There are other situations in which passion for the game can become temporarily dulled. Losing streaks and financial losses can greatly affect a player's self-confidence and his desire to play. They're situations every player deals with. Amateurs tend to take a break in order to rebuild their confidence. Pros, on the other hand, tend to play through the losing streak as best they can — while trying to limit their losses, of course — in order to rediscover their love of the game and their success at the table.
You shouldn't put too much pressure on yourself during a losing streak. You have to keep paying attention to what's happening around the table, stay focused and continue making good decisions and playing in a methodical way. You also have to spend the hands you're not playing watching your opponents and familiarizing yourself with their strategy so you can get an edge on them. Things may not sort themselves out right away, but if you keep playing the game like it should be played, they'll eventually fall back into place.

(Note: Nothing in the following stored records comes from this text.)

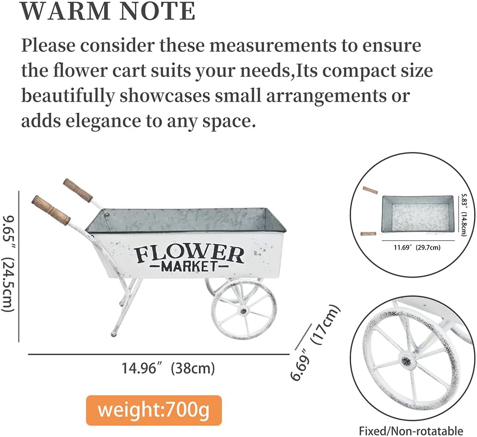 - PLANT STAND - The garden planters size: 6.69"D x 14.96"W x 9.65"H". Add a charming touch of vintage farmhouse style to your garden or patio with this delightful decorative flower market cart planter.Farmhouse planter cart provides ample space for multiple plants or flowers while maintaining a decorative appeal.The weathered finish and 'FLOWER MARKET' text give it that coveted vintage appeal, while its sturdy construction ensures lasting beauty
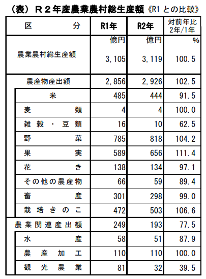 令和2年産の県内の農業農村総生産額は、新型コロナウイルスの影響により農業関連 産出額が減少したものの、台風等の影響があった前年に比べて農産物産出額が増加したことから、前年を上回る3,119 億円(対前年比 100.5%)となりました。
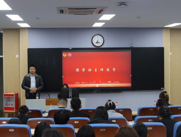 郭浩讲话,他指出,光学与电子信息学院学生会在学院党委的领导下和团委的指导下,积极推进学生会组织改革,在服务全院青年学生方面发挥了重要作用。同时,他对学生会以及学院青年提出三点希望:一是提升政治站位,做好党团助手;二是提升服务能力,繁荣校园文化;三是勇担时代使命,主动担当作为。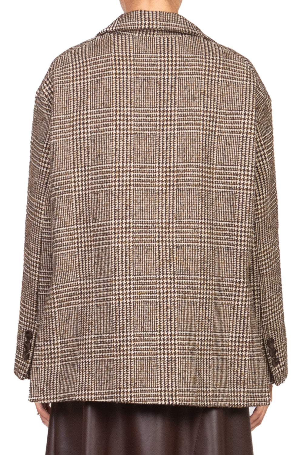 Un capo moderno e sofisticato, caratterizzato da motivo check, vestibilità over e spille decorative sparse sul lato sinistro. Completamente foderata all’interno, con spalline leggermente imbottite e spacchetti posteriori, è perfetta per look contemporanei e ricercati.
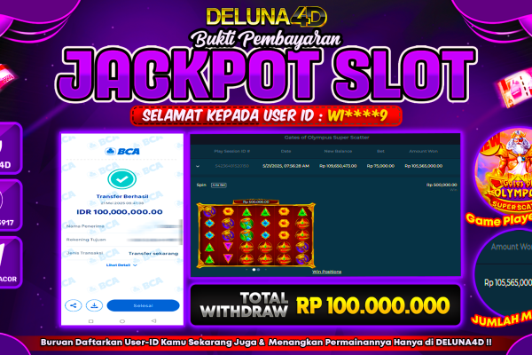 Selamat atas kemenangan User ID : WI***9 yang telah berhasil mendapatkan kemenangan di permainan SLOT GATES OF OLIMPUS SUPER SCATTER dengan kemenangan sebesar Rp100.000.000,- . Setelah mengisi formulir withdraw, hanya dalam jangka waktu 3 – 5 menitan tim layanan pelanggan DELUNA4D telah berhasil mengirimkan semua saldo kemenangan ke User ID tersebut. Kami ucapkan Terima Kasih…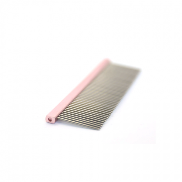 Dolg kovinski glavnik z dvema različnima gostotama zobcev, ki je bolj gosta od standardnih glavnikov, je odličen pomočnik pri česanju dlake med striženjem. Zaradi svoje elegantne oblike je izredno lahek a hkrati vzdržljiv.
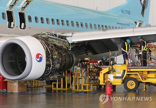 △ 서울 강서구 공항동 대한항공 본사 격납고에서 정비사들이 B737기 기체와 엔진 등 각종 장비와 부품을 검사하고 있다. (연합뉴스 자료사진)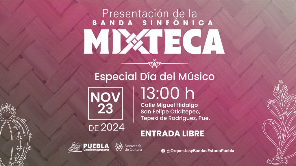 CIUDAD DE PUEBLA, Pue. – Para celebrar el “Día del Músico” (22 de noviembre), el gobierno presente de Sergio Salomón, por medio de la Secretaría de Cultura, llevará a cabo un concierto especial de la Banda Sinfónica Mixteca en la junta auxiliar de San Felipe Otlaltepec, perteneciente al municipio de Tepexi de Rodríguez.

Everything starts with passion, but that doesn't mean it's easy to maintain. It disappears and reappears. It's largely subject to success at the table and to the laws of probability. But you have to ensure that it doesn't ever disappear completely, in large part because it's so closely linked to your self-confidence. And the last thing you need when you're playing poker is a lack of confidence.CHAPTER 2
"I've always had confidence, but I never let my ego get to the point that I think I'm the superstar, because I know that ego has destroyed many a poker career."
— Jim Boyd
The minute I sit down at a poker table, whether with friends or in a WSOP tournament, I'm keyed up. I'm there to win, not there to play a part or to fight over a few dollars. I'm there to take control of that table. End of story. Things don't always turn out the way I want, of course, but you can't play poker at a high level without having a lot of confidence in yourself, your skills and your ability to beat your opponents.
Here too you can draw lots of comparisons between poker and sports, or poker and other areas of life. When Roger Federer walks onto the court, he's not going to be satisfied with anything less than a win. When Céline Dion gets on stage at Caesars Palace, she's not thinking about the possibility that she could make a mistake or miss a note. When Steve Jobs launched a new version of the iPad, the possibility of commercial failure likely never crossed his mind.
You can't succeed if you doubt yourself. You become shy, fearful, hesitant. You become paralyzed by the fear of losing everything. As they say, fear is a poor advisor. Fear prevents you from thinking clearly and making good decisions. That can be particularly dangerous in poker, a game where you have to make a series of decisions based on an established strategy and incomplete information gleaned from a combination of your own cards, the community cards, the laws of probability and the betting habits of other players.
Your self-confidence is closely linked to how good your opponents are — or how good you think they are. Every time you move up a rung on the ladder you feel a bit of self-doubt, because you know that you're about to play against better players. So you ask yourself: Is now the time to move up? Am I at the level? Am I about to get schooled? It's normal to ask yourself these questions, but you can't dwell on them if you want to keep moving forward.